Mamchur Aleksandra, Sharashkina Natalia, Erema Veronika, Kashtanova Daria, Ivanov Mikhail, Bruttan Maria, Zelenova Elena, Shelly Eva, Ostapenko Valentina, Dzhumaniiazova Irina, Matkava Lorena, Yudin Vladimir, Akopyan Anna, Strazhesko Irina, Maytesyan Lilit, Tarasova Irina, Beloshevskaya Olga, Keskinov Anton, Kraevoy Sergey, Tkacheva Olga, Yudin Sergey
Centre for Strategic Planning and Management of Biomedical Health Risks, Federal Medical Biological Agency, Moscow, Russia.
Russian Gerontology Research and Clinical Center, Pirogov Russian National Research Medical University, Moscow, Russia.
Aging Dis. 2024 Jan 28;16(1):565-77. doi: 10.14336/AD.2024.0120.

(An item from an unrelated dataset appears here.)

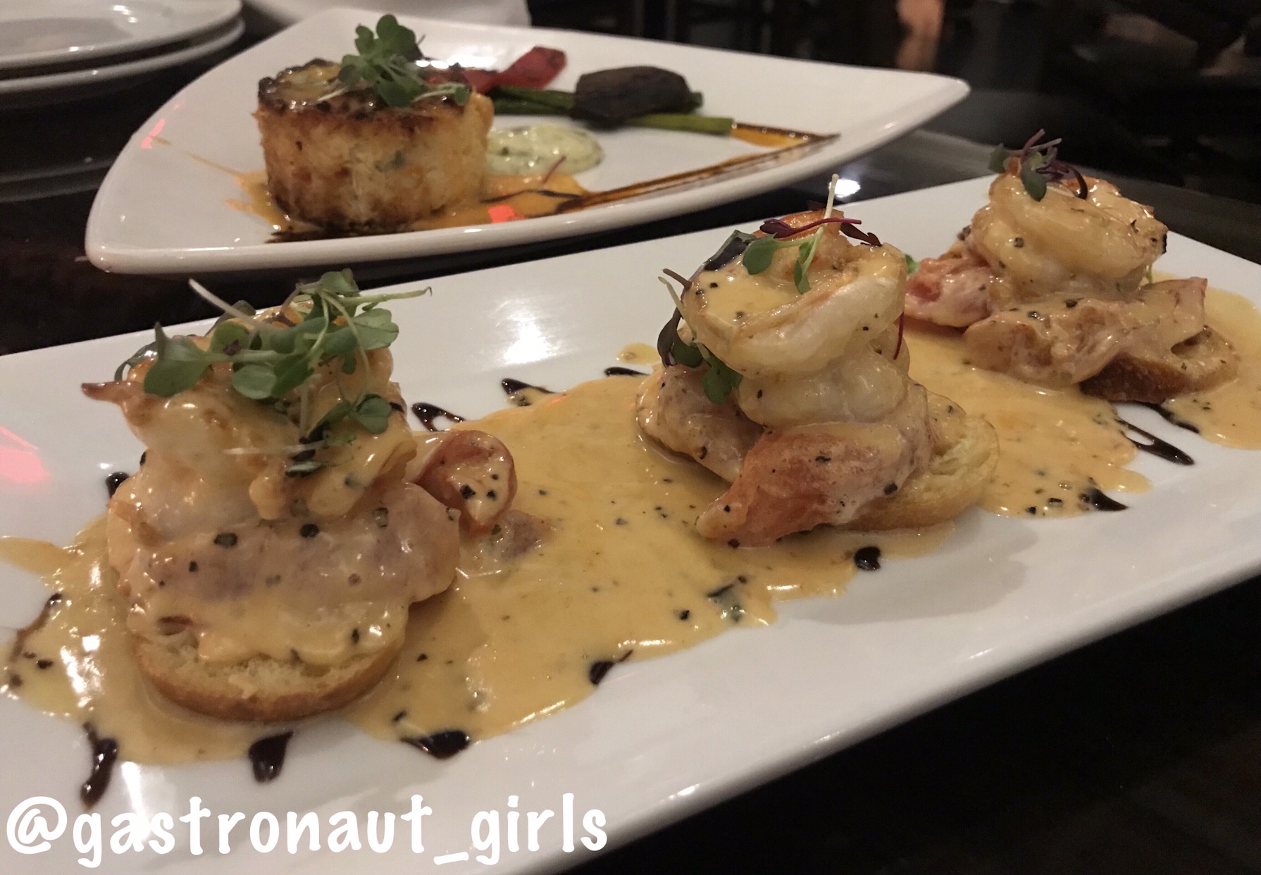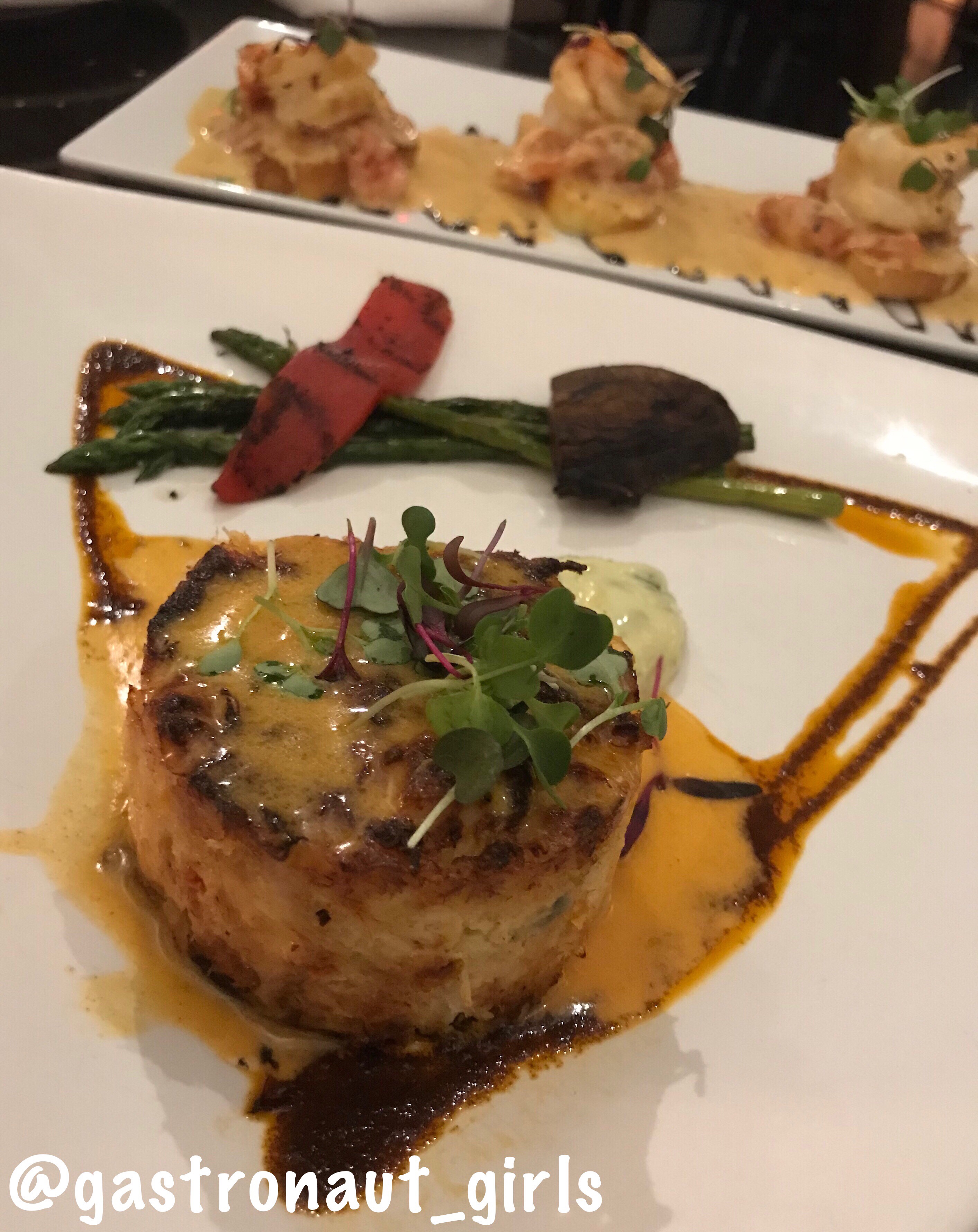 Everything on the menu sounded wonderful, but we chose the garlic shrimp, crab cake appetizer, the chicken and the NY strip steak. We were definitely impressed with the portion sizes, which gave us a second small meal the next night, as well. I could have bathed in the sauce that the shrimp were drenched in. The crab cake was huge and hearty. I appreciated the chicken on the bone. It was very tender. Our only critique would be that the chicken needed a sauce on top of it to make it a little more juicy. Lastly, the steak was to die for. It was rubbed in espresso and cooked to perfection. The mushroom risotto that the steak laid on top of was my favorite part of the whole meal. The texture and the flavor were there and it complemented the meat perfectly.

Aging is a natural process with varying effects. As we grow older, our bodies become more susceptible to aging-associated diseases. These diseases, individually or collectively, lead to the formation of distinct aging phenotypes. Identifying these aging phenotypes and understanding the complex interplay between coexistent diseases would facilitate more personalized patient management, a better prognosis, and a prolonged lifespan. Many studies distinguish between successful aging and frailty. However, this simple distinction fails to reflect the diversity of underlying causes. In this study, we sought to establish the underlying causes of frailty and determine the patterns in which these causes converge to form aging phenotypes. We conducted a comprehensive geriatric examination, cognitive assessment, and survival analysis of 2,688 long-living adults (median age = 92 years). The obtained data were clustered and used as input data for the Aging Phenotype Calculator, a multiclass classification model validated on an independent dataset of 96 older adults. The accuracy of the model was assessed using the receiver operating characteristic curve and the area under the curve. Additionally, we analyzed socioeconomic factors that could contribute to specific aging patterns. We identified five aging phenotypes: non-frailty, multimorbid frailty, metabolic frailty, cognitive frailty, and functional frailty. For each phenotype, we determined the underlying diseases and conditions and assessed the survival rate. Additionally, we provided management recommendations for each of the five phenotypes based on their distinct features and associated challenges. The identified aging phenotypes may facilitate better-informed decision-making. The Aging Phenotype Calculator (ROC AUC = 92%) may greatly assist geriatricians in patient management.
衰老 是一个具有不同影响的自然过程。随着年龄的增长,我们的身体更容易患上与衰老相关的疾病。这些疾病单独或共同导致形成不同的衰老表型。识别这些衰老表型并了解共存疾病之间复杂的相互作用将有助于更个性化的患者管理、更好的预后和延长寿命。许多研究区分了成功衰老和虚弱。然而,这种简单的区分未能反映潜在原因的多样性。在本研究中,我们试图确定虚弱的潜在原因,并确定这些原因汇聚形成衰老表型的模式。我们对2688名长寿成年人(中位年龄 = 92岁)进行了全面的老年医学检查、认知评估和生存分析。将获得的数据进行聚类,并用作衰老表型计算器的输入数据,该计算器是一个在96名老年人的独立数据集上验证的多类分类模型。使用受试者工作特征曲线和曲线下面积评估模型的准确性。此外,我们分析了可能导致特定衰老模式的社会经济因素。我们确定了五种衰老表型:非虚弱型、多病虚弱型、代谢虚弱型、认知虚弱型和功能虚弱型。对于每种表型,我们确定了潜在的疾病和状况,并评估了生存率。此外,我们根据五种表型各自的独特特征和相关挑战为其提供了管理建议。所识别的衰老表型可能有助于做出更明智的决策。衰老表型计算器(ROC曲线下面积 = 92%)可能会极大地帮助老年病医生进行患者管理。